With an emphasis on optimizing existing resources and reducing production complexities, the Japanese giant hopes to compete with Tesla and the Chinese car makers, which are aggressively buying market share with incentives.
Existing car brands face a completely different manufacturing reality in the wake of electrification than new players. They need to factor in the transformation of the existing factory footprint, which has been constructed around labor-intensive combustion engines and car construction practices.
Toyota is addressing the challenge with the Area 35 plan, a concerted effort to maximize the efficiency of its existing global production network. Instead of building new plants for the all-electric lineup, the existing ones will be reformatted to incorporate the extra assembly lines.
This approach aligns with Toyota’s pressure to adopt a more cost-conscious strategy for EVs and avoid the financial risks associated with building new factories.
Less manufacturing, more profit
The goalposts for streamlining its operations are reducing the diversity of parts used across its lineup by 35%, a move that will free up the same percentage of floor space in its plants. “We are working to optimize the number of types of specifications and parts,” CFO Yoichi Miyazaki said.
“We are expanding the space for finished vehicle production and increasing development efficiency.”
Reducing parts complexity is projected to improve manufacturing efficiency and accelerate product development timelines, with Toyota estimating a 3.5% increase in profitability as a result. The automaker focuses on high-demand core models while trimming low-performing variants.
This strategy is designed to ensure flexibility in production across its portfolio of hybrids, plug-in hybrids, and total battery-electric vehicles.
Initial and long-term success
Toyota’s Area 35 rollout comes as other automakers adjust their EV strategies in response to slower-than-expected market growth. Ford recently reduced its EV spending by 25% and delayed the introduction of new models.
At the same time, General Motors postponed key EV launches and investments, and Fiat paused production of the all-electric 500e due to weak demand.
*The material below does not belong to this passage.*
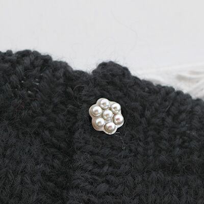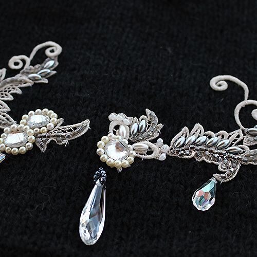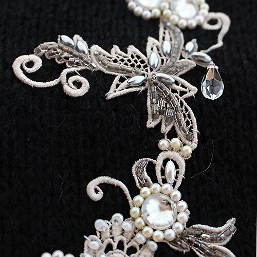 ヴィンテージのレースをセーターに細かく縫いつけ
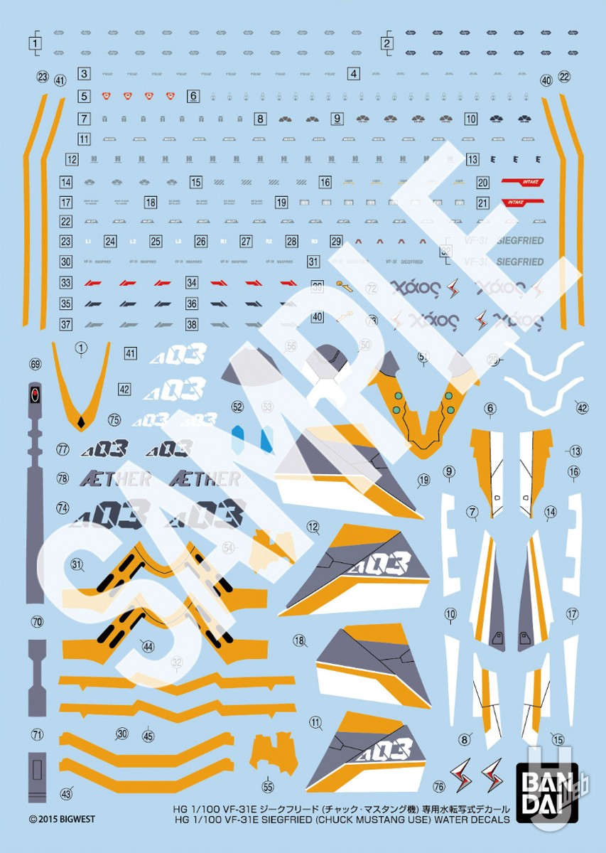 HG 1/100 VF-31E ジークフリード(チャック・マスタング機)専用水転写式デカール

By contrast, Toyota is emphasizing scalability and market responsiveness, seeking to avoid the overcapacity issues that have impacted its rivals, Volkswagen and Stellantis.
To achieve its ambitious production targets, Toyota is integrating key innovations like hyper-automation, gig casting for single-piece component production, and autonomous assembly lines where EVs move independently via radio-controlled signals.
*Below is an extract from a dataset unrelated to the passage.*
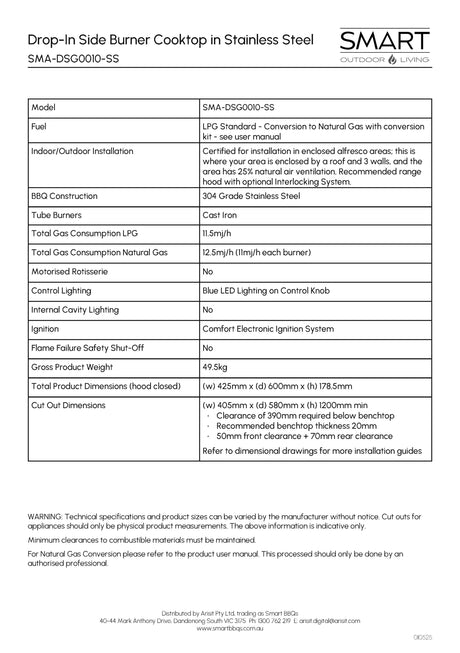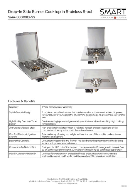 $2,199.00$3,099.00Unit price /UnavailableSmart SMA-DSG0010-SS Drop-In Side Burner Gas BBQ Cooktop in Stainless Steel

These advancements are expected to halve production lead times and cut equipment costs by 25% while doubling productivity on dedicated EV production lines. Toyota began implementing Area 35 in August last year, revamping processes at ten plants globally.
This initial phase has already added 80,000 vehicles of annual capacity, and Toyota plans to roll out similar updates across its 54 assembly plants worldwide. The Japanese car maker’s new modular EV platform will debut by 2026 under the Lexus brand.